### DATA PROVIDED
_ _ _ _
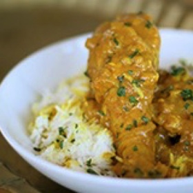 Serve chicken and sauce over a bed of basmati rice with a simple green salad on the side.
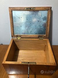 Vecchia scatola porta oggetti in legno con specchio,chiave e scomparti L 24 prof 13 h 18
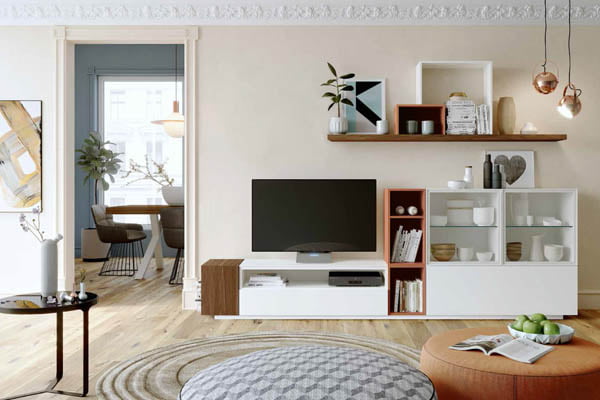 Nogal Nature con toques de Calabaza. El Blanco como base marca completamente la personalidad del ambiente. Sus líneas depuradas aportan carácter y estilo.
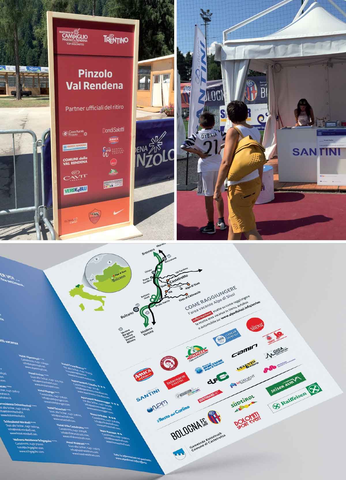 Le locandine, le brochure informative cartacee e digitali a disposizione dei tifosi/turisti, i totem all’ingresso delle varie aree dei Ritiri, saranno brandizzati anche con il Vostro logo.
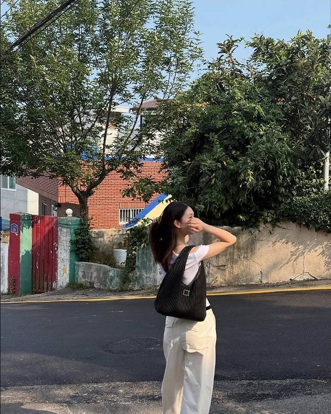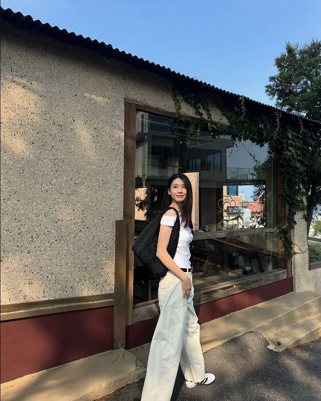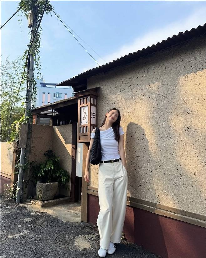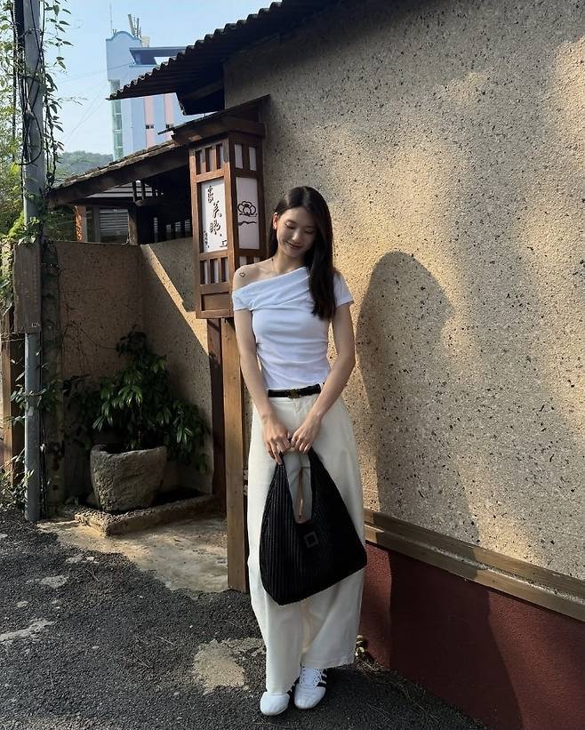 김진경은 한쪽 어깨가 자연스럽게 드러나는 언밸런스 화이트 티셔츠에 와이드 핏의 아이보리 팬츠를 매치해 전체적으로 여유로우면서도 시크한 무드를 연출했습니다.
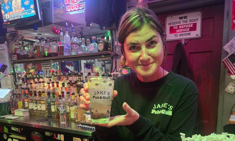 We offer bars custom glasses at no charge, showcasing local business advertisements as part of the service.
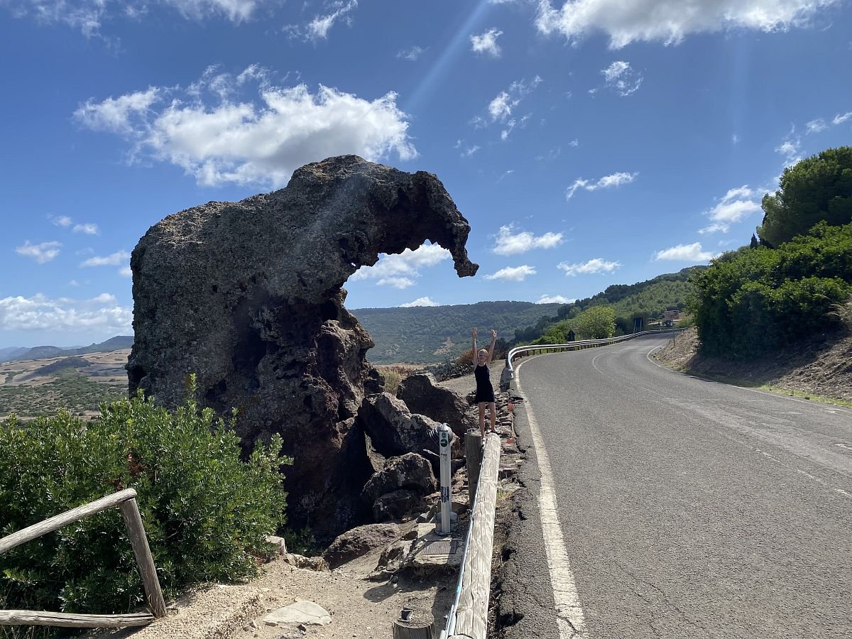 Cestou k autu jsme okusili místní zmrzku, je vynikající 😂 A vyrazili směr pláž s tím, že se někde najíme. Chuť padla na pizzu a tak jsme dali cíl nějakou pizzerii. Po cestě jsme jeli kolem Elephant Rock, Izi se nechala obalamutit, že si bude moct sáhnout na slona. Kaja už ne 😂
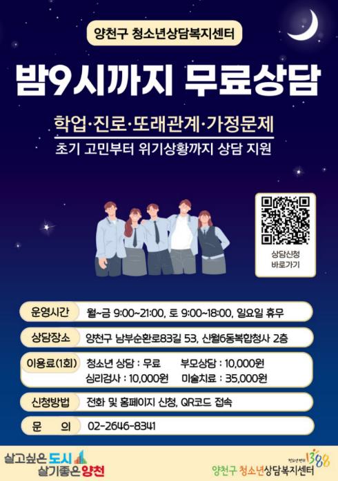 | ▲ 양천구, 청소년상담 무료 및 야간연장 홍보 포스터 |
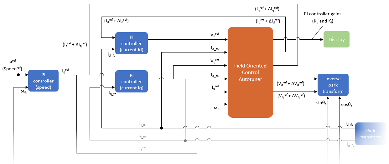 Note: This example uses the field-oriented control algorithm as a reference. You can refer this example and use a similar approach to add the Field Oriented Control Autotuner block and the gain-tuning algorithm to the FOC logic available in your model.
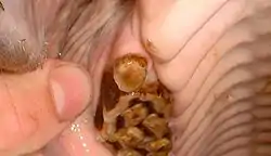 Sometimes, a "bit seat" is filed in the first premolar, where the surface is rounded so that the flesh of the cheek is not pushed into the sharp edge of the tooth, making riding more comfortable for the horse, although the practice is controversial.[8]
_ _ _ _
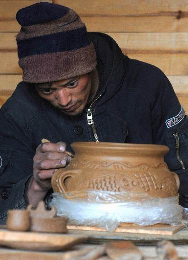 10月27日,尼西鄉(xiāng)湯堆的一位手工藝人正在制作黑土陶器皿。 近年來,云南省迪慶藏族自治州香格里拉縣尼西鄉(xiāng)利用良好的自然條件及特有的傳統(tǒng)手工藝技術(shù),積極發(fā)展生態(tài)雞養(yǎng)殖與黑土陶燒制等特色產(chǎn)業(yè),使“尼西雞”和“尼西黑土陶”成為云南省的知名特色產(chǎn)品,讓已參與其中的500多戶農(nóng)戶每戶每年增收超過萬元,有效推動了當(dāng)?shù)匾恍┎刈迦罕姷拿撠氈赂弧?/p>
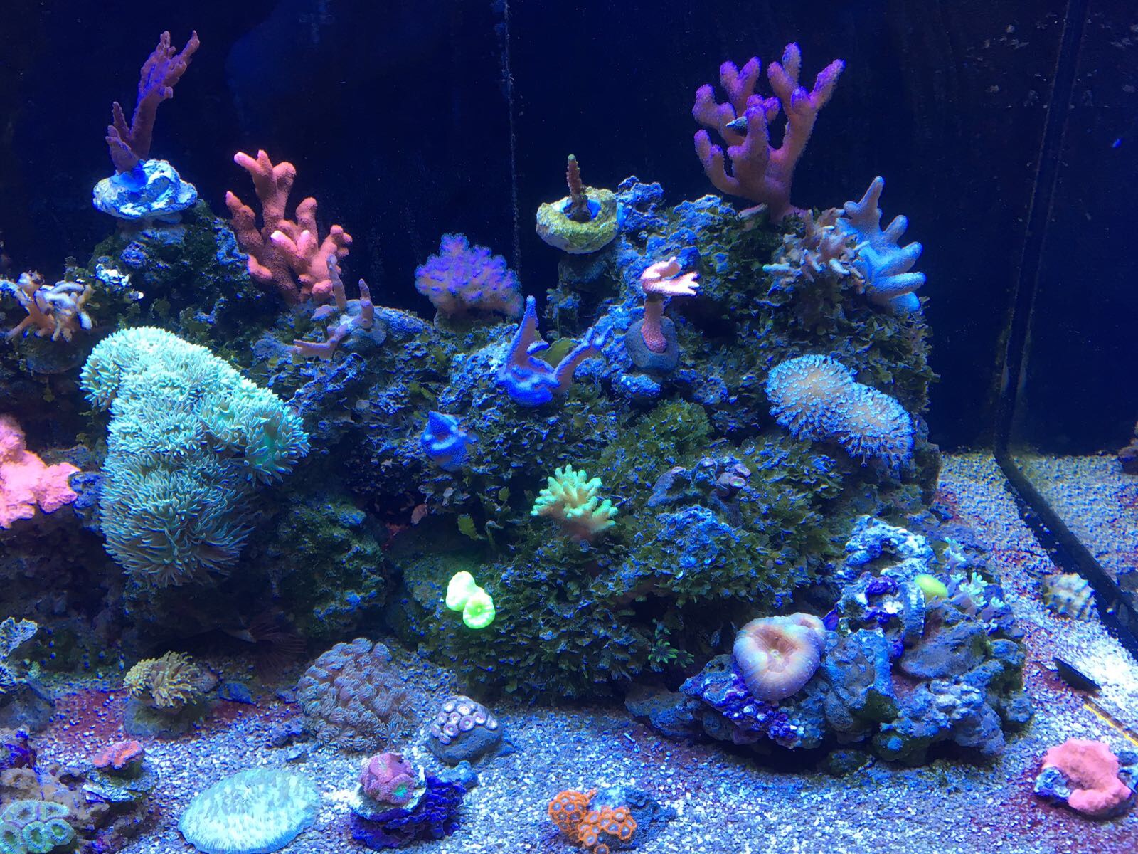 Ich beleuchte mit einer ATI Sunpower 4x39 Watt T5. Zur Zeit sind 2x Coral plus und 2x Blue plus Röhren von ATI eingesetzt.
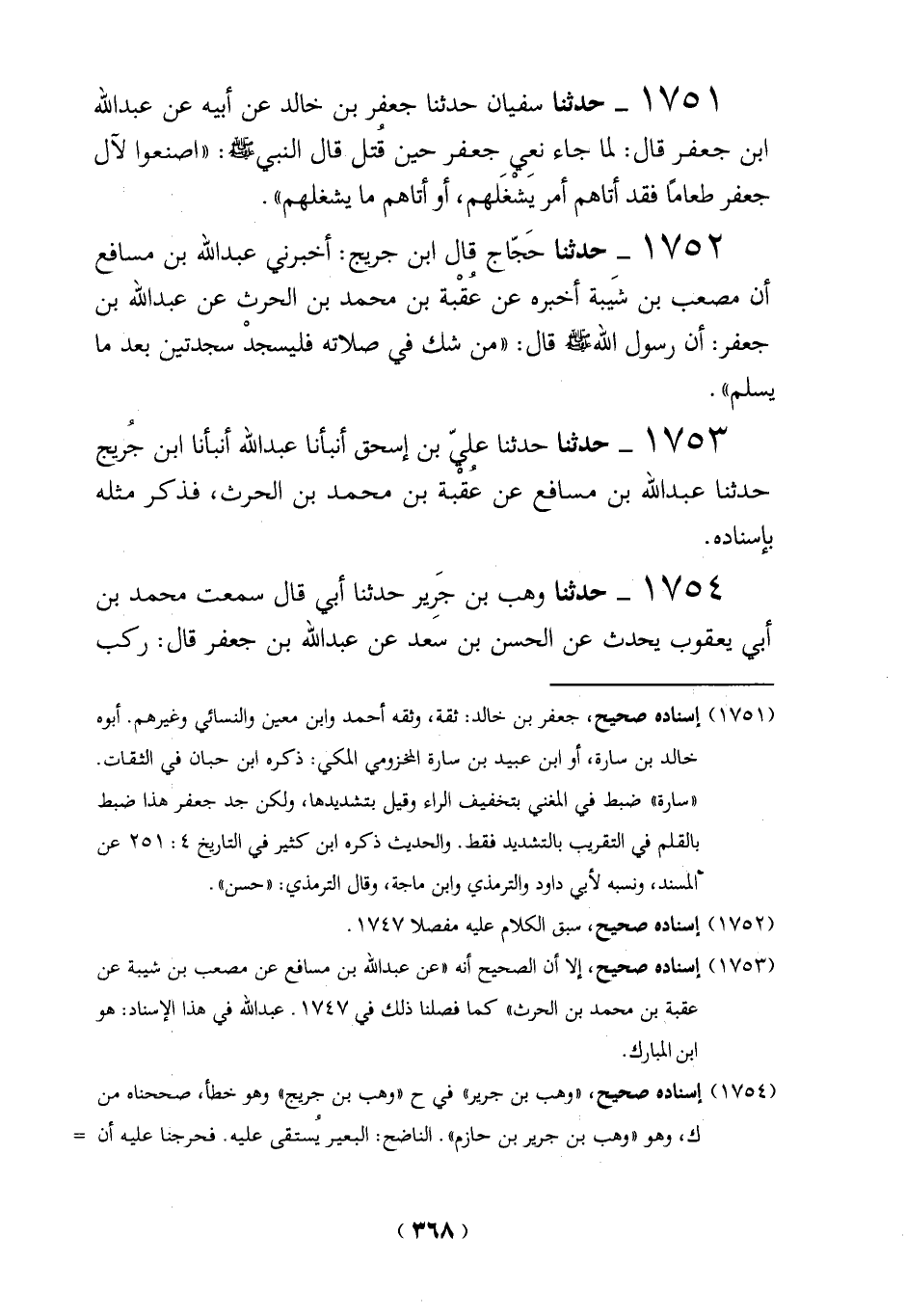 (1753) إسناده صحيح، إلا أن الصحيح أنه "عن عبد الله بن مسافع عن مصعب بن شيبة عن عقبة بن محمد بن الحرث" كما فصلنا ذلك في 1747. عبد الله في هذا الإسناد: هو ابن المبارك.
_ _ _ _
### WHAT YOU HAVE TO DO
Using the entries above, transcribe every line from the line containing "야간연장 홍보 포스터 |" through the line containing "practice is controversial.[8]". Do not copy pictures.

### EXERCISE SOLUTION
 | ▲ 양천구, 청소년상담 무료 및 야간연장 홍보 포스터 |
 Note: This example uses the field-oriented control algorithm as a reference. You can refer this example and use a similar approach to add the Field Oriented Control Autotuner block and the gain-tuning algorithm to the FOC logic available in your model.
 Sometimes, a "bit seat" is filed in the first premolar, where the surface is rounded so that the flesh of the cheek is not pushed into the sharp edge of the tooth, making riding more comfortable for the horse, although the practice is controversial.[8]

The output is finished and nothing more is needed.